Kunden können ab 2’000 Franken in zeitgeistige Themen wie «erneuerbare Energie», «Menschenrechte» oder «pflanzliche Lebensmittel» investieren. Gestützt auf die Nachhaltigkeits-Präferenzen des Nutzers schlägt der Robo-Adviser eine dazu passende Aktien-Auswahl aus einem Universum von rund 300 Unternehmen vor.

Depots bei Saxobank

Die Depots liegen bei der Saxobank, die zu 48,88 Prozent der Zhejiang Geely Holding Group aus China gehört.

Vor einem guten Monat berichtete finews.ch, dass das Impact-Investing-Unternehmen immer noch auf die Bewilligung durch die Finanzmarktaufsicht (Finma) als unabhängiger Vermögensverwalter warte.

Finma-Bewilligung eingetrudelt

Wie Inyova auf Anfrage von finews.ch mitteilt, hat es die Bewilligung mittlerweile erhalten: «Ja, die Finma hat ihre Bewilligung erteilt. Wie üblich wird die Bewilligung nach Umsetzung der üblichen Bedingungen rechtskräftig (z.B. Inkraftsetzung Organisationsreglement).»

Auch die finanzielle Situation von Inyova gab jüngst zu reden. Im Juli titelte der Finanz-Blog «Inside Paradeplatz»: «Hype-Tech ‹Inyova› hatte 2023 noch Cash für 7 Monate.»

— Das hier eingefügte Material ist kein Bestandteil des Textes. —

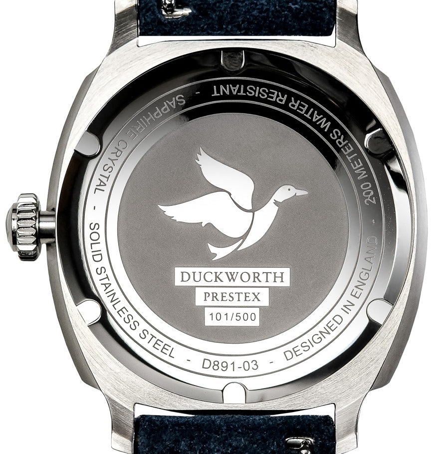 Duckworth Prestex Watch Verimatic Blue Fume Black Leather D891-03-A. Duckworth Prestex watches may sound like a new name, but it goes back a very long time in the history of watchmaking. Nearly 100 years in fact. Neil’s family firm, Prestons, was originally founded in 1869 in Bolton and by the 1920s it was making its own pocket watches under the Prestex name, which enjoyed tremendous success all over the world. Over the next few decades, Prestex produced a variety of timepieces including chronographs, pocket watches and some stunning dress watches.
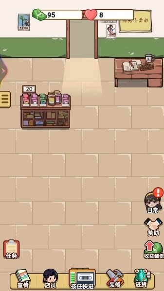1、在游戏里,玩家得靠自己用心打理小卖部,如此才能获取更多金币;
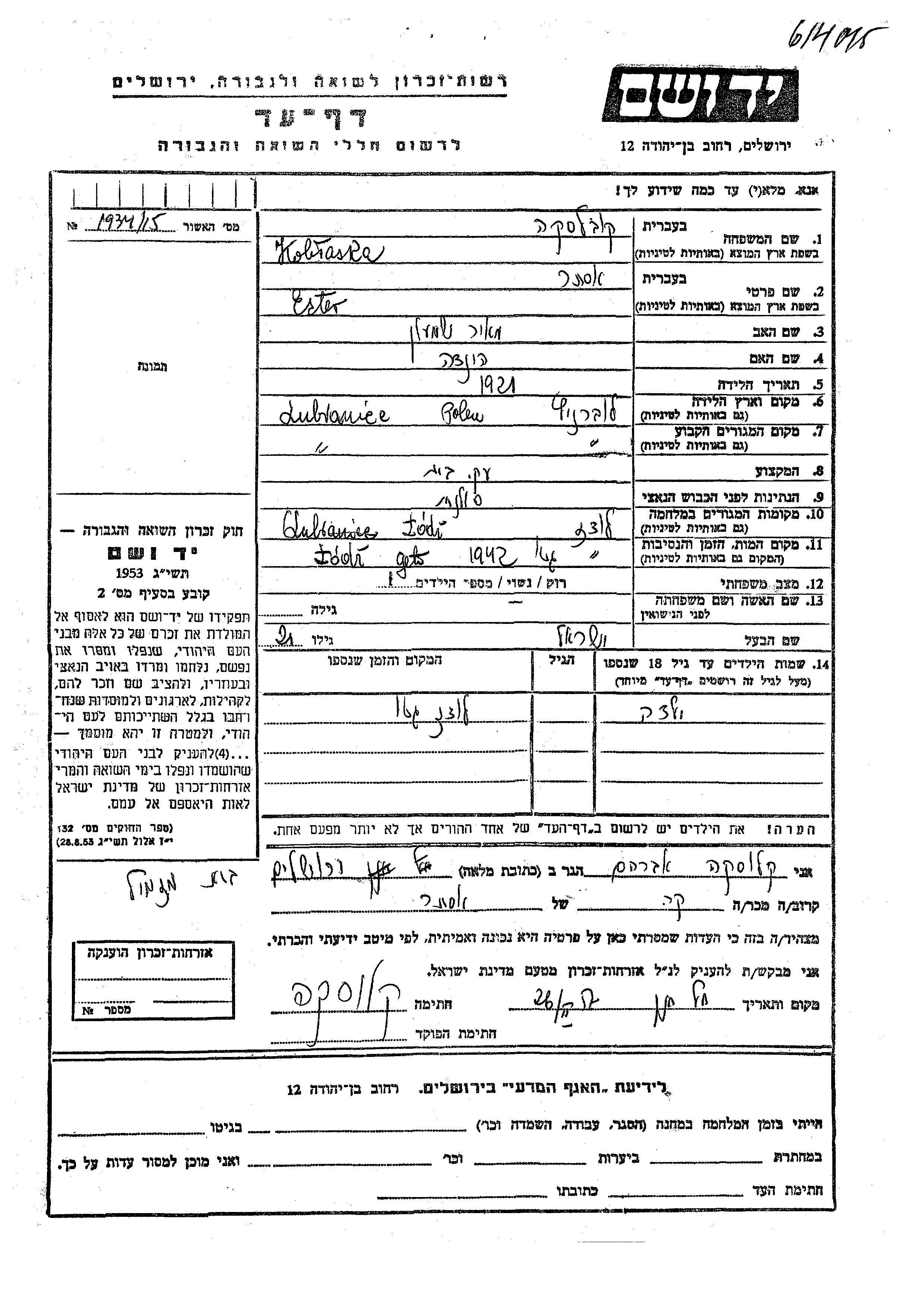 Ester Kovalska was born in Lubraniec, Poland, 1921 to Meir Shimon and Hinda. She was a housewife and married to Yisrael. Prior to WWII she lived in Lubraniec, Poland. During the war she was in Lodz, Poland. Ester was murdered in the Shoah. Place of death: Lodz, Poland, 1942.

2,62 Millionen Jahresverlust

Aus der Jahresrechnung 2023, die finews.ch vorliegt, geht hervor, dass Inyova letztes Jahr nicht profitabel unterwegs war. Einem Umsatz von 2,43 Millionen Franken (davon 2,29 Millionen Franken Dienstleistungserlös), stehen operative Aufwände von 3,69 Millionen gegenüber. Das ergibt ein EBITDA von minus 1,26 Millionen Franken.

Nach Abschreibungen, Finanzierungsergebnis und Steuern resultiert ein negativer Jahresgewinn von 2,62 Millionen Franken.

Bund und Schaffhauser Kantonalbank an Bord

Das Eigenkapital betrug per 31. Dezember 2023 noch 2,39 Millionen Franken (31.12.2022: 5 Millionen Franken). In den Büchern steht bei den Aktiven die deutsche Tochtergesellschaft als Beteiligung mit einem Wert zu historischen Anschaffungskosten von 5 Millionen Franken.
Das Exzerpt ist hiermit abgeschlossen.